WHAT TO PRODUCE
When you reach the line below that has "прихватки - прихватка,кухня", start returning lines exactly, and stop after the line that has "加在饮料里的奇亚籽。图:cook.sub.tw"; skip the pictures.

(AVAILABLE DATA)

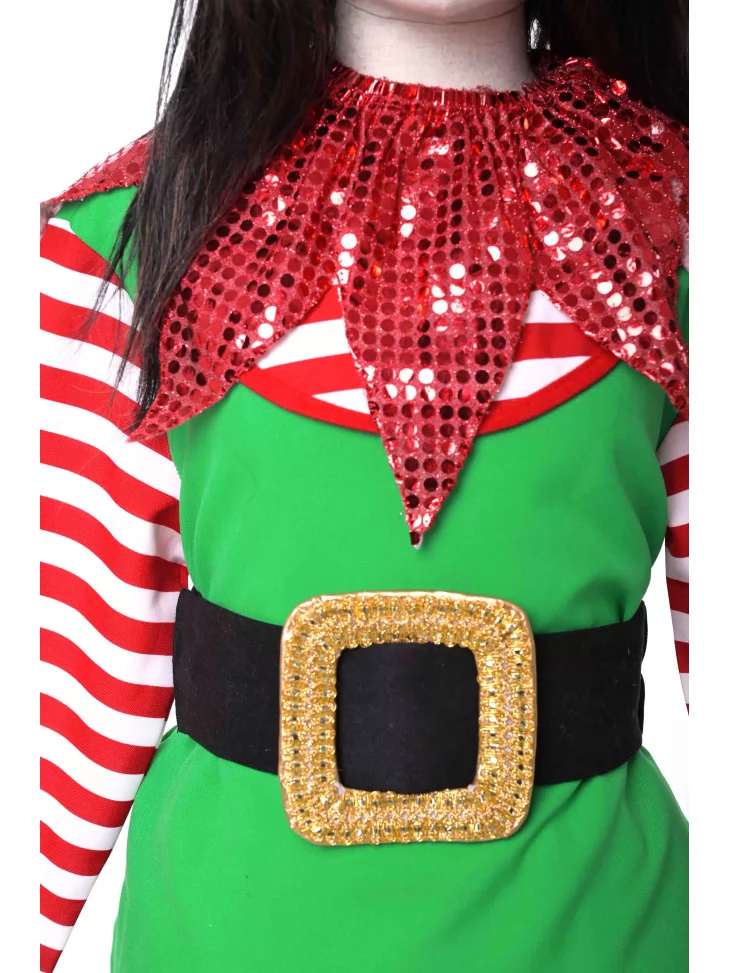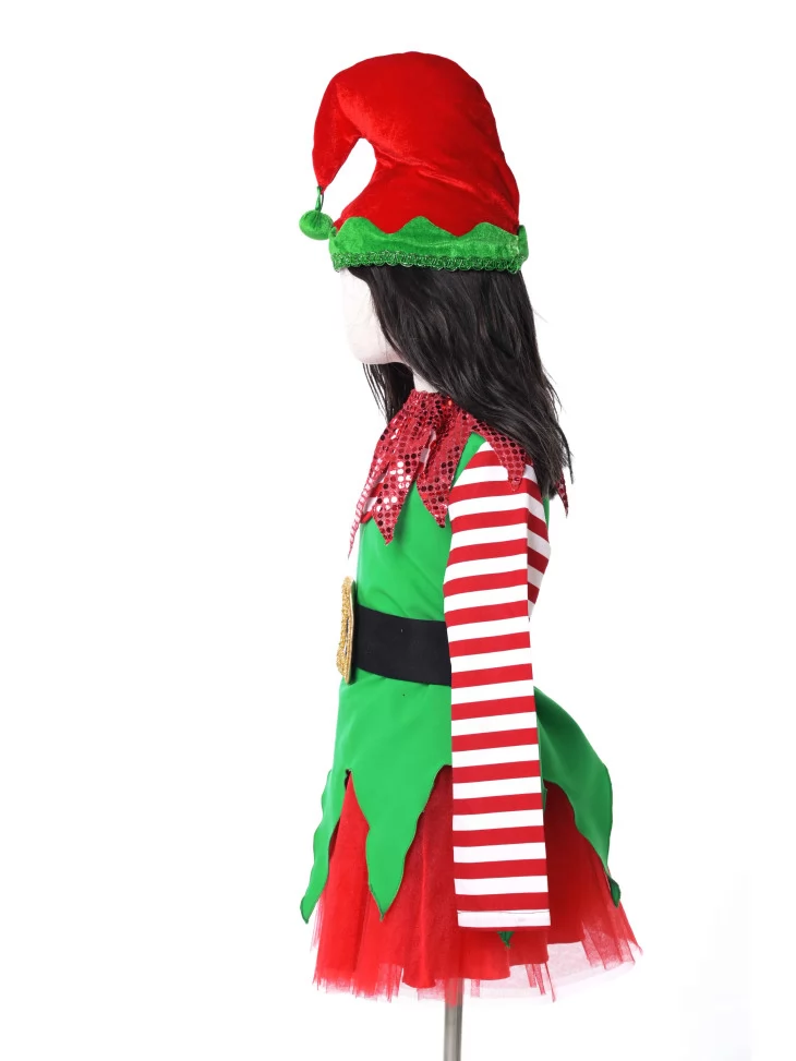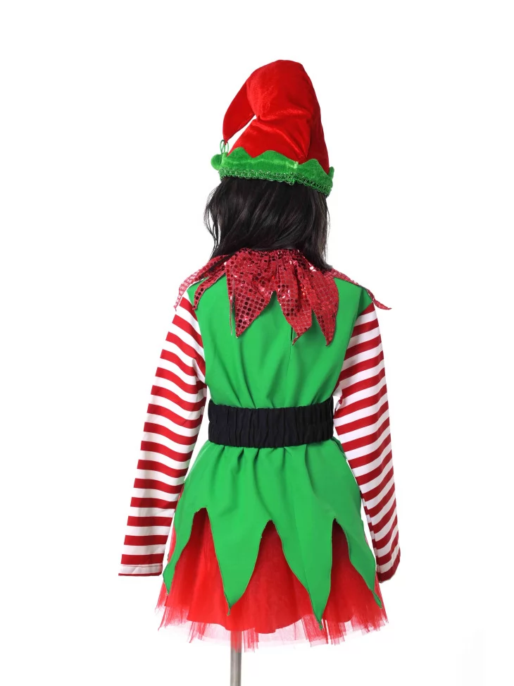 Оренда карнавальних костюмів — найзручніший спосіб створити яскравий образ для новорічного свята. Костюм «Малий Ельфик Святкового Дива» наповнений атмосферою казки: смугасті рукава, яскраво-зелений верх, червона пишна спідничка та блискучий комір створюють веселий, жвавий і по-справжньому святковий вигляд. У такому вбранні дитина виглядатиме як справжній помічник Санти.
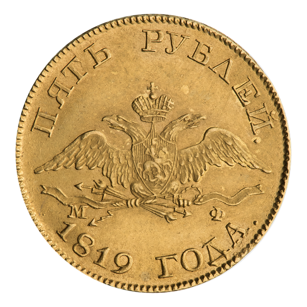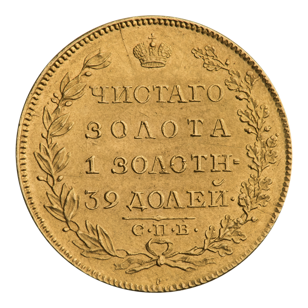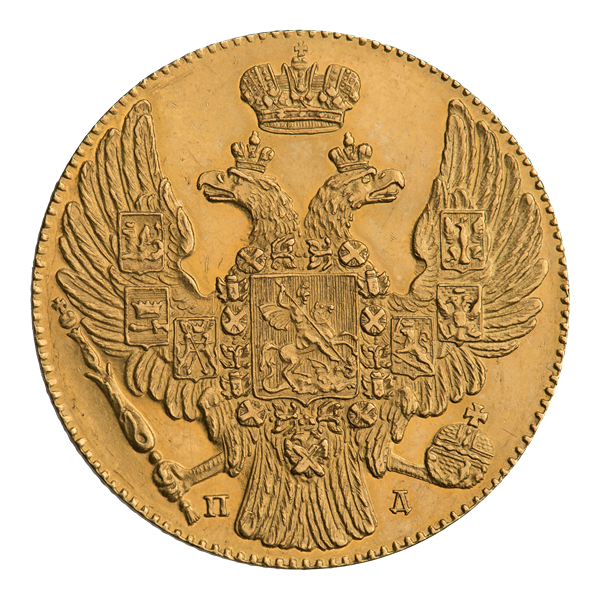 | 5 рублей | 1832 | Памятная монета «В память начала чеканки из золота Колывано-Воскресенских приисков» Аверс: |
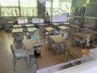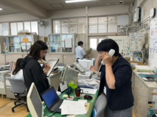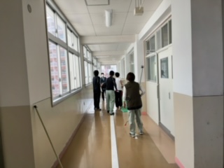 不審者が校内に侵入したという設定で、避難訓練を行いました。放送で校内に知らせるとともに110番通報、教室では隅に寄って静かにする、現場には係の教職員が向かうという流れを、警察の方の指導をいただきながら実施しました。
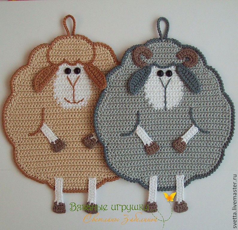 "Барашек и ярочка - забавная парочка" вязаные прихватки - прихватка,кухня
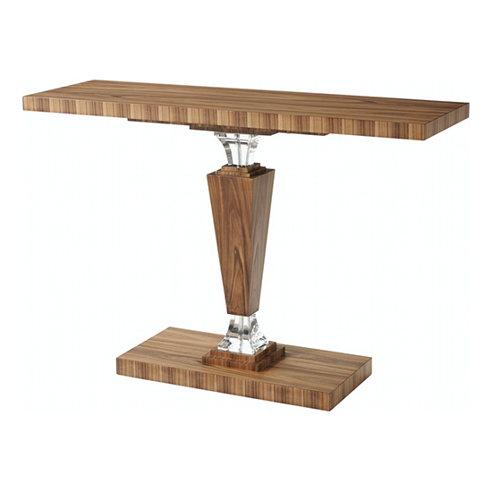 Консоль Optical Illusion от американского премиального бренда Theodore Alexander изготавливается из массива дерева и отделывается шпоном. Ножка украшена прозрачным стеклом.
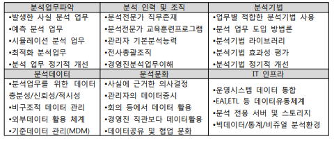 - 6개 영역의 분석 준비도와 3개 영역의 분석 성숙도를 동시에 평가할 수 있다.
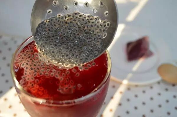 加在饮料里的奇亚籽。图:cook.sub.tw
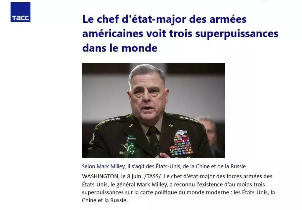 Le chef d’état-major des forces armées des États-Unis, le général Mark Milley, a reconnu l’existence d’au moins trois superpuissances sur la carte politique moderne du monde : les États-Unis, la Chine et la Russie.

(End AVAILABLE DATA)

SOLUTION TO THIS TASK
 "Барашек и ярочка - забавная парочка" вязаные прихватки - прихватка,кухня
 Консоль Optical Illusion от американского премиального бренда Theodore Alexander изготавливается из массива дерева и отделывается шпоном. Ножка украшена прозрачным стеклом.
 - 6개 영역의 분석 준비도와 3개 영역의 분석 성숙도를 동시에 평가할 수 있다.
 加在饮料里的奇亚籽。图:cook.sub.tw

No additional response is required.